58 . The method of claim 57 further comprising the step of repeating the step of sealing the transverse fracture next farthest from the existing well for each of the plurality of substantially horizontal producing wellbores until all of the transverse fractures have been sealed.
59 . A method of increasing hydrocarbon production of an existing well formed in a reservoir, comprising the steps of:
drilling a pair of oppositely disposed substantially horizontal injection wellbores that intersect the existing well; drilling a pair of oppositely disposed substantially horizontal producing wellbores that intersect the existing well and are disposed between the substantially horizontal injection wellbores, wherein each substantially horizontal producing wellbore is formed with a plurality of laterals; forming a plurality of transverse fractures in the reservoir along each of the plurality of laterals; injecting a fluid into the reservoir from the pair of oppositely disposed substantially horizontal injection wellbores; and draining the hydrocarbons into the plurality of transverse fractures formed along the plurality of laterals.
60 . The method of claim 59 wherein each of the oppositely disposed substantially horizontal injection wellbores has a tubing disposed therein through which the fluid is injected into the reservoir.

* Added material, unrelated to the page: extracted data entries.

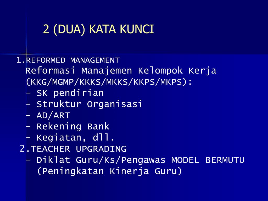 2 (DUA) KATA KUNCI 1.REFORMED MANAGEMENT Reformasi Manajemen KelompokKerja (KKG/MGMP/KKKS/MKKS/KKPS/MKPS): - SK pendirian - Struktur Organisasi - AD/ART - Rekening Bank - Kegiatan, dll. 2.TEACHER UPGRADING - Diklat Guru/Ks/Pengawas MODEL BERMUTU (Peningkatan Kinerja Guru)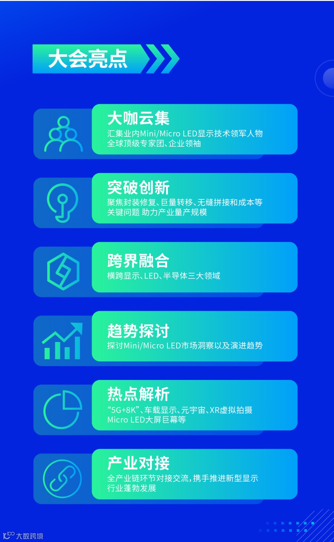 由中国电子视像行业协会Mini/Micro LED显示产业分会(CMMA)主办的“2022中国Mini/Micro LED产业生态大会”将于10月13日在深圳同期召开,大会以“产业聚合 助力显示新机遇”为主题,聚集产业链上中下游企业参会探讨产业生态升级,构筑本土显示产业链安全,解决Mini/Micro LED关键技术瓶颈,扩大量产化需求等热点话题,助力我国新型显示技术发展。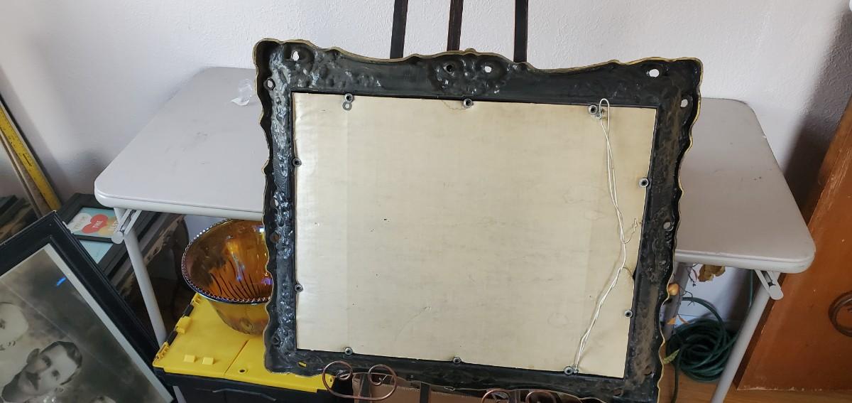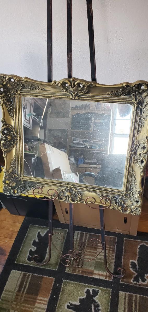 This is an old cracked bathroom mirror glass housed in a plastic frame with gold color on the frame size is 21 and 3/4 by 16 and 3/4
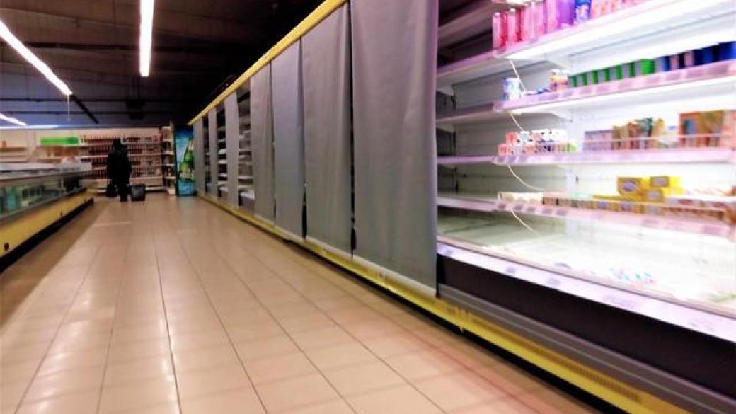 На просторной стоянке супермаркета находятся всего несколько машин, внутри магазина — полупустые полки и полное отсутствие покупателей. Из товара — алкоголь, конфеты и немного чего-то еще.

61 . The method of claim 59 wherein the laterals are formed generally parallel to the oppositely disposed substantially horizontal injection wellbores and generally perpendicular to the oppositely disposed substantially horizontal production wellbores.
62 . The method of claim 61 wherein the hydrocarbons are swept away from ends of the laterals farthest from the oppositely disposed substantially horizontal producing wellbores toward ends of the laterals that intersect the oppositely disposed substantially horizontal producing wellbores.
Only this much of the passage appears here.